* [Assigned task]:
Exactly the lines below from the line with "This fabulous men's" through the line with "Realistic unsettling mosquito, illuminated" must make up the answer, both ends included and pictures left out.

★ ★ ★ ★ ★

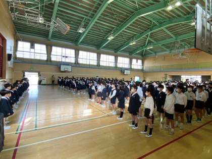 終業式では1年生の皆さんも一緒に歌いましょう。
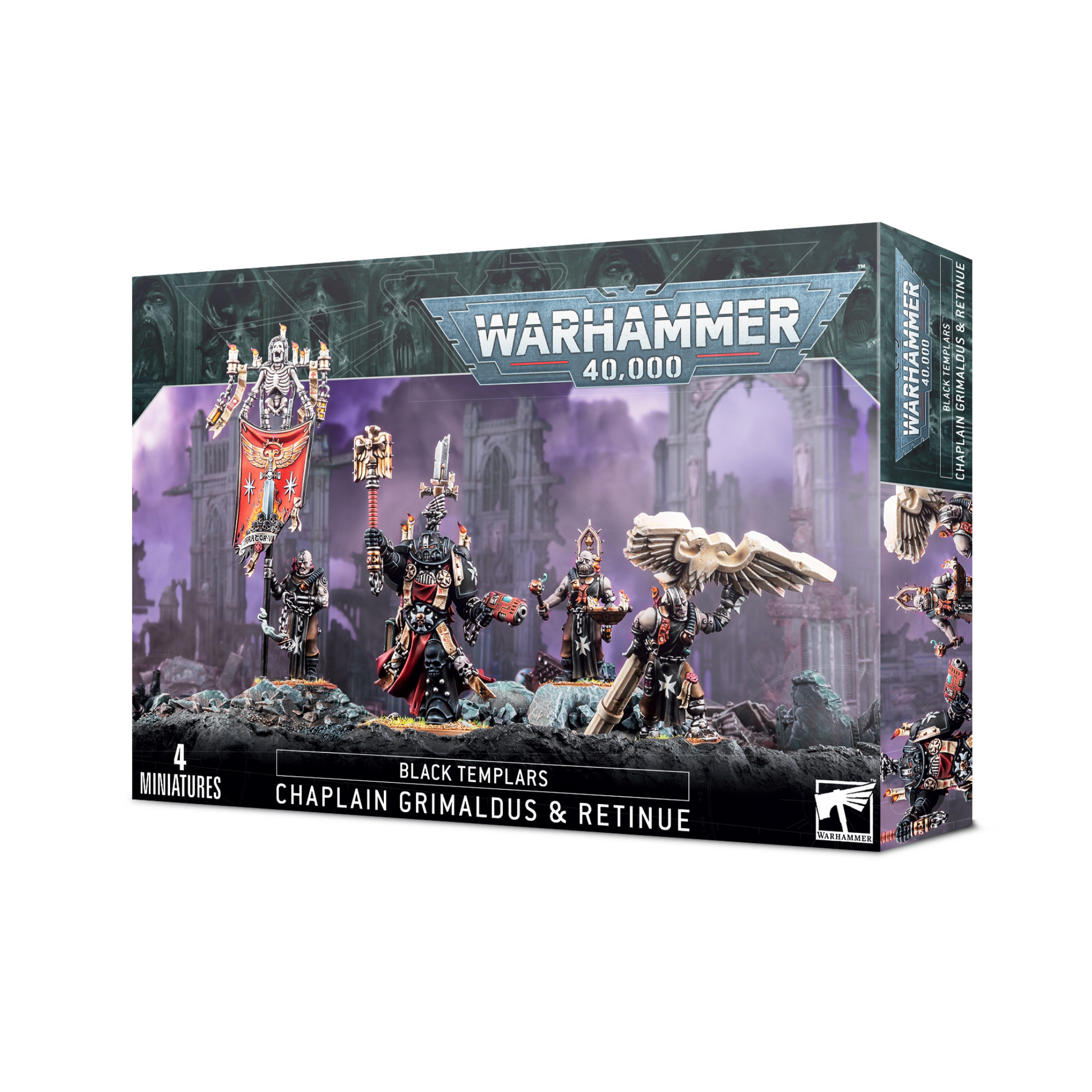 The kit is comprised of 40 plastic components, with which you can assemble one Chaplain Grimaldus and his three Cenobyte Servitors, and is supplied with one Citadel 40mm round base and three Citadel 28mm round bases. These miniatures are supplied unpainted and require assembly – we recommend using Citadel Plastic Glue and Citadel paints.
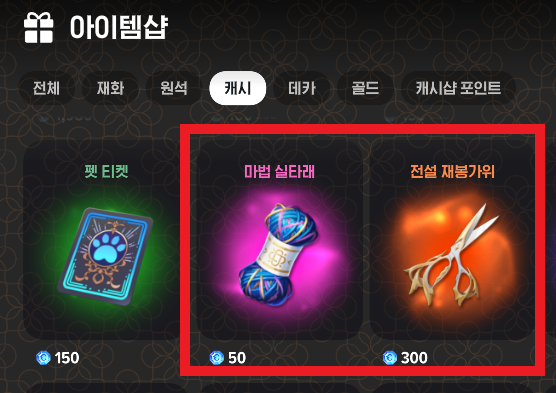 캐시샵 - 아이템샵 - 캐시로 들어가시면
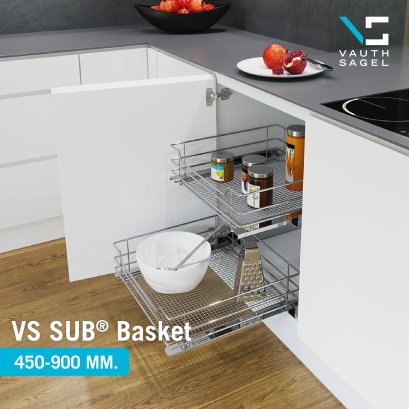ตะแกรงเก็บของแบบดึงออก พร้อมระบบ Soft - Closing สำหรับการติดตั้งภายในตู้บานเปิด เพื่อเป็นลิ้นชักภายใน
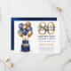 This fabulous men's 80th birthday party Save the Date card featuring a 2-layer navy blue and gold cake with navy blue and gold balloons, the number 80 in gold would be perfect for asking people to put this special date aside for the upcoming 80th Birthday Party. It is traditional and classic while being fresh, modern and contemporary. The back is a coordinating navy blue foil.
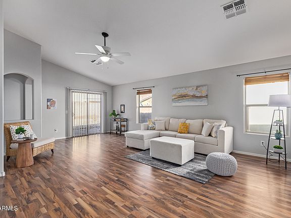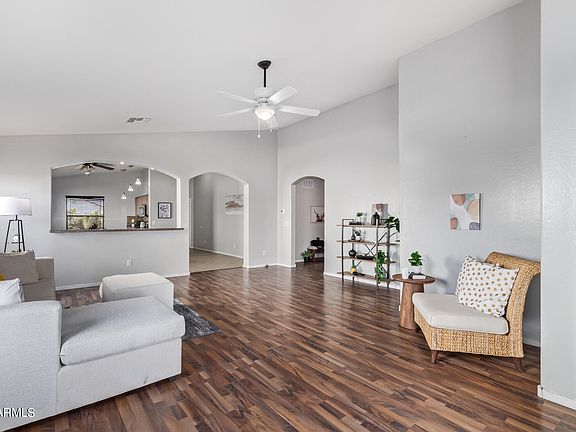 Welcome to this delightful home located in the rapidly growing town of Buckeye, Arizona, where comfort meets affordability. This single-story residence offers ample living space with vaulted ceilings that create an open and airy atmosphere.
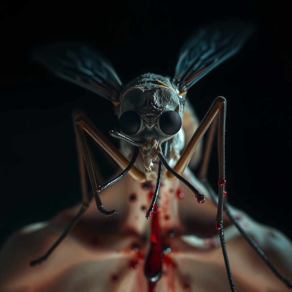 Realistic unsettling mosquito, illuminated by natural light, intricate skin details, eerie atmosphere, horror elements, blood-soaked body, lifeless black eyes, numerous scars, shadowy backdrop, exaggerated fangs, extreme close-up scene.
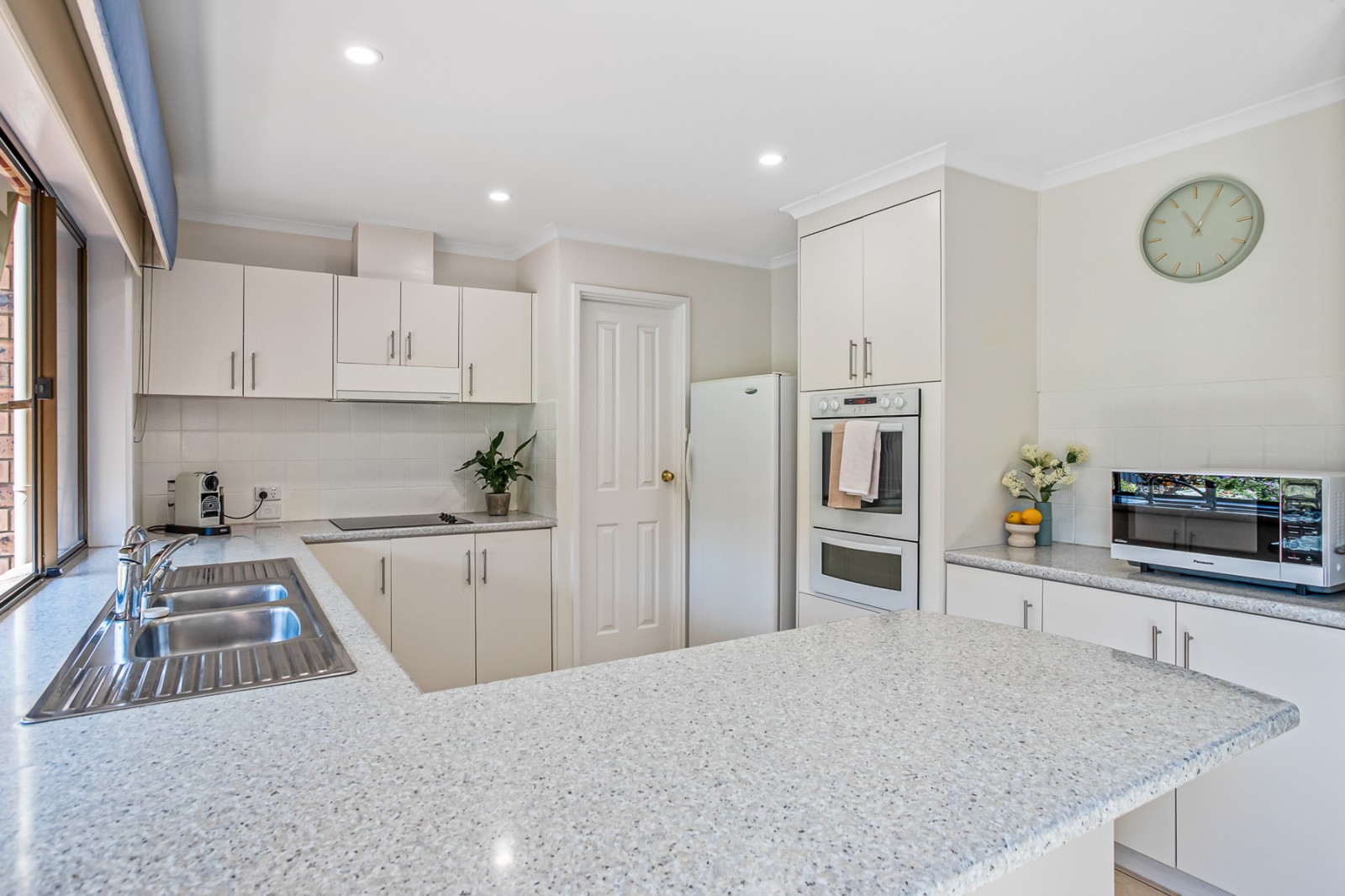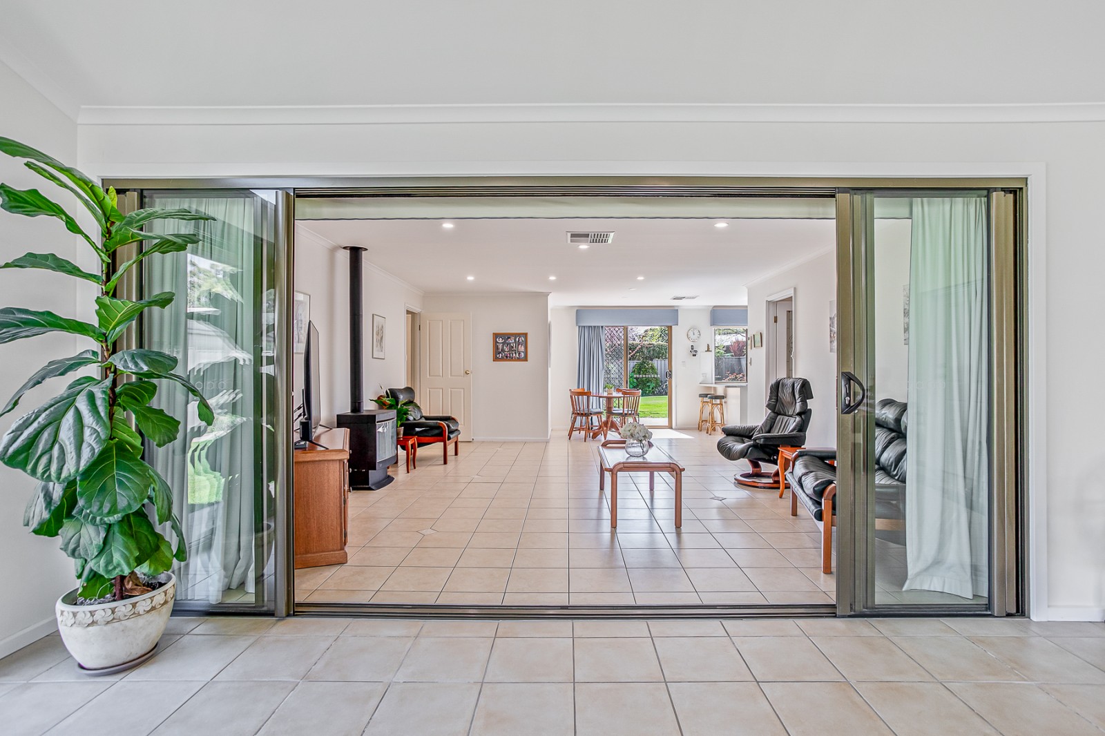 - Open-plan tiled kitchen, dining, and family area. The kitchen is complete with a walk-in pantry, double sink, in-wall oven with warming drawer, dishwasher, and ample bench space. A gas fireplace and reverse-cycle air conditioner ensure year-round comfort. This area flows effortlessly to an outdoor entertaining space, ideal for summer BBQs and garden views.

★ ★ ★ ★ ★

* [Response for this exercise]:
 This fabulous men's 80th birthday party Save the Date card featuring a 2-layer navy blue and gold cake with navy blue and gold balloons, the number 80 in gold would be perfect for asking people to put this special date aside for the upcoming 80th Birthday Party. It is traditional and classic while being fresh, modern and contemporary. The back is a coordinating navy blue foil.
 Welcome to this delightful home located in the rapidly growing town of Buckeye, Arizona, where comfort meets affordability. This single-story residence offers ample living space with vaulted ceilings that create an open and airy atmosphere.
 Realistic unsettling mosquito, illuminated by natural light, intricate skin details, eerie atmosphere, horror elements, blood-soaked body, lifeless black eyes, numerous scars, shadowy backdrop, exaggerated fangs, extreme close-up scene.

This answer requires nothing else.